Every well-formed Hidato puzzle should have exactly one solution. Moreover, a Hidato puzzle intended for human solvers should have a solution that can be found by (more or less) simple logic. However, there exist very hard Hidato puzzles, even of small size.

==Distribution==

Numbrix puzzles, which appear in Parade magazine, are similar to Hidato except that diagonal moves are not allowed.(vos Savant has only used 7×7 and 9×9 grids). Jadium puzzles (formerly Snakepit puzzles), created by Jeff Marchant, are a more difficult version of Numbrix with fewer given numbers and have appeared on the Parade web site regularly since 2014, along with a daily online version of Numbrix.

==Solving techniques==
As in many logic puzzles, the basic resolution technique consists of analyzing the possibilities for each number of being present in each cell.

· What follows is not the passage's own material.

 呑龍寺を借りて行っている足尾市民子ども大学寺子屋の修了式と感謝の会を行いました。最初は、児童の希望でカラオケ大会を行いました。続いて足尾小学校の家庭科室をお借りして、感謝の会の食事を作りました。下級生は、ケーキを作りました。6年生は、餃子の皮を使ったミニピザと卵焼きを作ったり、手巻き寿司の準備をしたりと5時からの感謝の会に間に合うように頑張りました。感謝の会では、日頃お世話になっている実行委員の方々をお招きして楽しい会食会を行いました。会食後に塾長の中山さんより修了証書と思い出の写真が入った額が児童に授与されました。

When a cell can contain only one number (Naked Single) or when a number has only one possible place (Hidden Single), it can be asserted as belonging to the solution.

One key to the solution is, it does not have to be built in ascending (or descending) order; it can be built piecewise, with pieces starting from different givens.

As in the Sudoku case, the resolution of harder Hidato or Numbrix puzzles requires the use of more complex techniques - in particular of various types of chain patterns.